= Reformed Association in the Protestant Church in the Netherlands =

The Reformed Association in the Protestant Church in the Netherlands (Dutch: Gereformeerde Bond in de Protestantse Kerk in Nederland) is a confessional orthodox Calvinist group and movement within the Protestant Church in the Netherlands (abbreviated PCN; Dutch: Protestantse Kerk in Nederland, abbreviated PKN).

From 1906 to 2005 the official name was Reformed Association to spread and defend the Dutch Reformed Calvinist Church. On May 24, 2005, the new name of the association has become Federation of Reformed Protestant Church in the Netherlands. It consists of 475 congregations and 290,000 members within the PCN.

It was founded on April 18, 1906, in the former Dutch Reformed Church (Dutch: Nederlandse Hervormde Kerk). The reason was that Rev. Adrian Bahler who had written that Christianity could learn a lot from Buddhism, but the Synod didn't respond to this.

It adheres to the Three Forms of Unity.

The Reformed Association also involved in the Reformed Youth Association and the Reformed Mission League.

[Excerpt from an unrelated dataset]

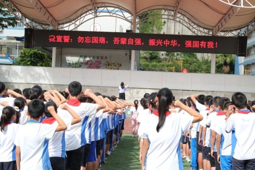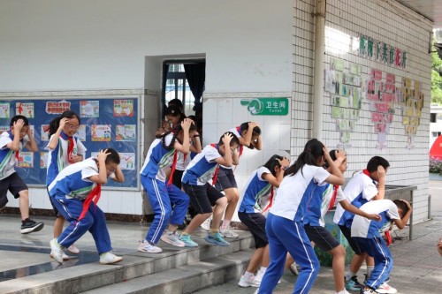 当预警声响起,同学们双手抱头、弯腰低身,躲在课桌旁,筑起首道“生命防线”。在空袭警报拉响时,师生们按照疏散路线,抱头、弯腰、快步撤离,无推搡喧哗,4分38秒全员抵达安全区。随后,各班清点人数逐级上报;全员到齐,演练圆满告成。默哀环节,全体师生肃立,向94年前死难的同胞致哀、向浴血先烈们致敬。在领誓人带领下,大家紧握右拳向国旗庄严宣誓:“勿忘国殇,吾辈自强;振兴中华,强国有我!”童声铿锵,回荡校园,直击人心。

Within the Reformed Association there was strong resistance against the formation of the Protestant Church in the Netherlands, a union of the Dutch Reformed Church, the Reformed Churches in the Netherlands and the Evangelical Lutheran Church in the Kingdom of the Netherlands. When the merger of these denominations took place on May 1, 2004, some congregations separated to form the Restored Reformed Church (Dutch: Hersteld Hervormde Kerk, abbreviated HHK).